Mike vs. Mike
Nutter? At this point, who knows?
“The most prevalent cocktail-party conversation I hear is, ‘Who is Michael Nutter? What is his identity?’” says Zack Stalberg, president of the Committee of Seventy watchdog group. “Because people are a little mystified by what they’ve seen so far, and the stakes are high.”
That people are confused now is probably a testament to Nutter’s 2007 mayoral campaign. As one Philadelphia power broker puts it: “We elected Neil Oxman.”
In this formulation, Nutter’s adman, Neil Oxman, was so good that we essentially elected a series of commercials. This may sound harsh, but it isn’t far from the truth.

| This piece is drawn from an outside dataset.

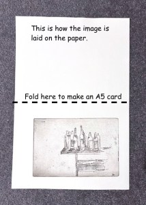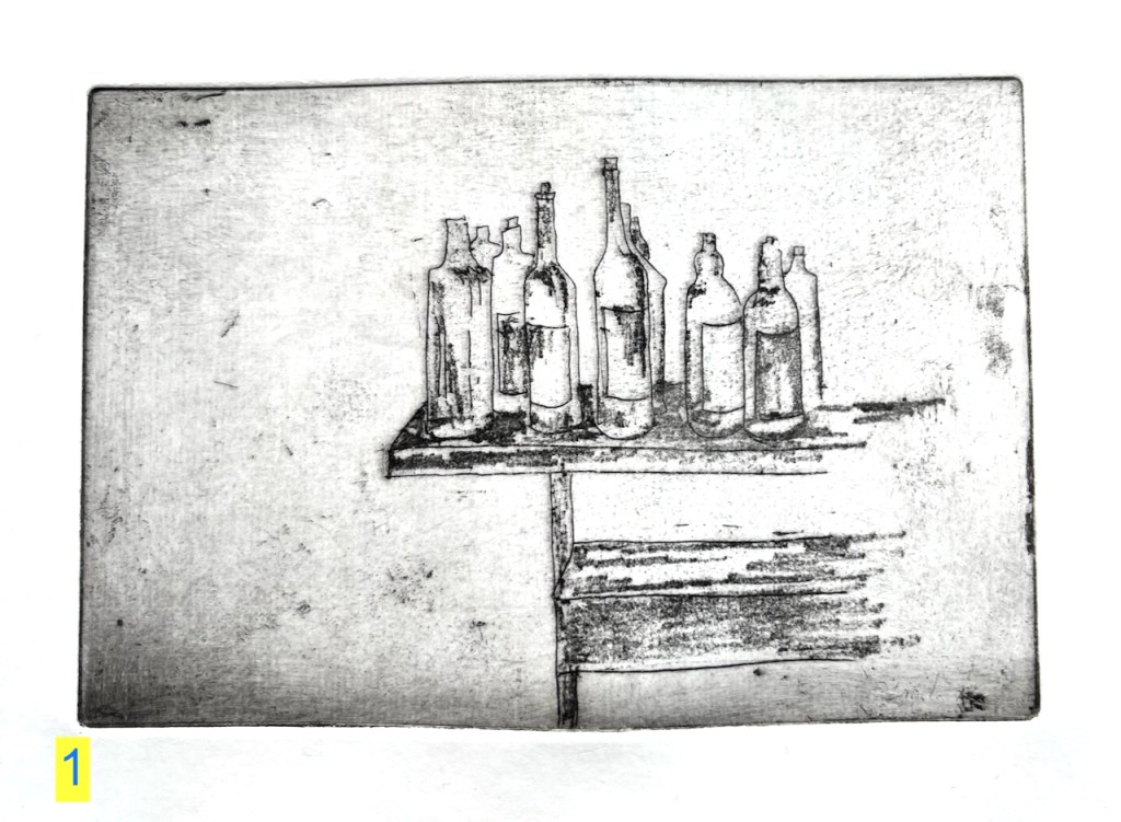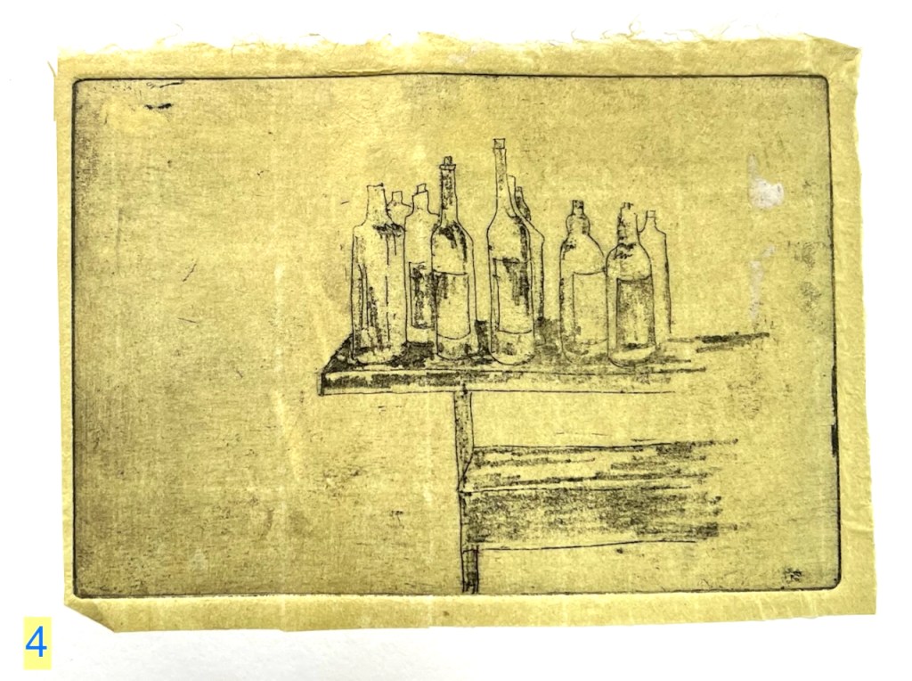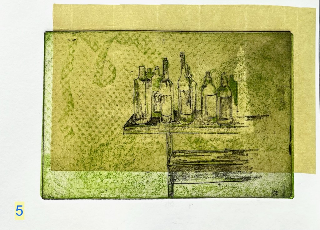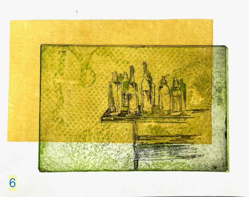 Chine collé is thin paper. I put it on the plate before the print roller goes over. The heavy rollers squeeze the coloured paper onto the picture, giving the yellow rectangles on the images of prints 5 and 6. The yellow rectangles give a sense of depth – maybe you are looking at these bottles through a window. Or maybe there is a window above casting a sunlit patch.

At the end of the day, there’s an inherent tension between the crusading reformer persona Nutter crafted for himself, and the ordinary politician at his core.
THERE IS A truism in politics, most eloquently phrased by former New York governor Mario Cuomo: “You campaign in poetry. You govern in prose.”

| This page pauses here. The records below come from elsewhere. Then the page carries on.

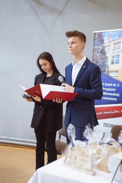 Całość sprawnie poprowadzili uczniowie naszej szkoły i radni Rady Młodzieżowej Mateusz Smorawski i Roksana Nasiadek.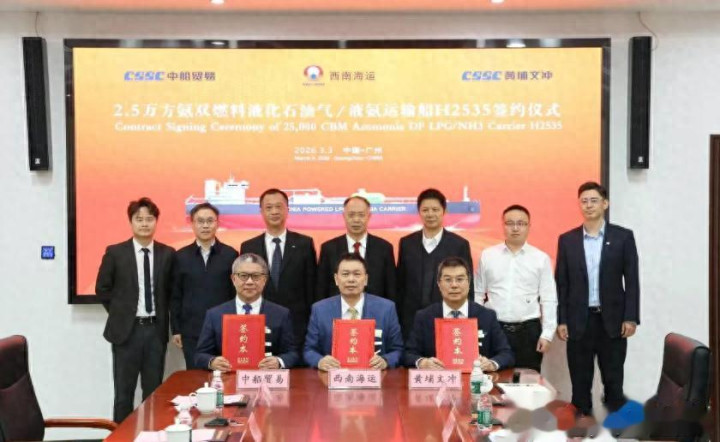 3月3日,中船黄埔文冲船舶有限公司和天津西南海运有限公司举行2.5万立方米氨双燃料液化石油气/液氨输送船(H2535)签约典礼。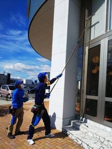 | 窓ガラス清掃はお任せください | 綺麗にするのはまずお店の玄関から! | お客様に気分よく買物してもらいたいです |
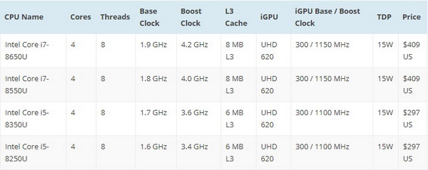 英特尔第8代15W TDP移动CPU阵容中包括4个SKU,包括Core i7-8650u、i7-8550u、i5-8350u和i5-8250u。第8代处理器相较于第7代的优势是很明显的,虽然Kaby Lake Refresh处理器没有架构上的变化,但4核心8线程的规格是上一代的两倍,在相同的15W TDP下却有更快的图形引擎。

Of course, he was right: The campaign trail is all about intention and ideals, about language marshaled to inspire; governing is all about politics and reality, about language marshaled to obfuscate the hash of political compromise. Because Nutter campaigned poetically, as a reformer, what we expected from him was clear: We, the people of Philadelphia, expected Michael Nutter to keep his campaign promises, to marginalize the self-serving old faces of Philadelphia’s entrenched Democratic Party, and to generally walk the talk that got him elected; we expected Nutter to give us good reasons if he ever found it necessary to backtrack on a stated principle. It would not be inappropriate to add that we expected him to remain a poet.
We’ve been disappointed. And the first sign of trouble came before he even took office. In early December 2007, after winning the general election, Nutter penned an Inquirer op-ed anointing Congressman Bob Brady a big part of his “New day, new way” agenda. This mash note suggested Nutter had slept through his own campaign commercials: He had beaten the Democratic party boss in the mayoral primary largely because the words “Bob Brady, Mayor” prompted visions of hulking union guys draped all over City Hall, pounding grapes, grog and cheesesteaks in a fart-tastic bacchanal of municipal excess. Now they were partners? Nutter further revealed preservationist political instincts when he failed to speak out against the (ultimately failed) State Senate candidacy of electricians union boss John Dougherty, another representative of this city’s entrenched machine culture. In retrospect, both episodes seem hugely symbolic of the disconnect between the poetic candidate and the prosaic politician now serving as mayor.
Nutter boasts an achiever’s life story, marked not by setbacks and comebacks so much as a consistent forward push. He grew up at 55th and Larchwood, in West Philadelphia, where he lived with his parents and grandmother. Education was held in high regard. And Nutter was an excellent, committed student. He graduated from St. Joe’s Prep, which is known for turning out the princes who inherit Philadelphia. He attended the University of Pennsylvania and graduated from the Wharton business school. For a time, he aspired to become a doctor.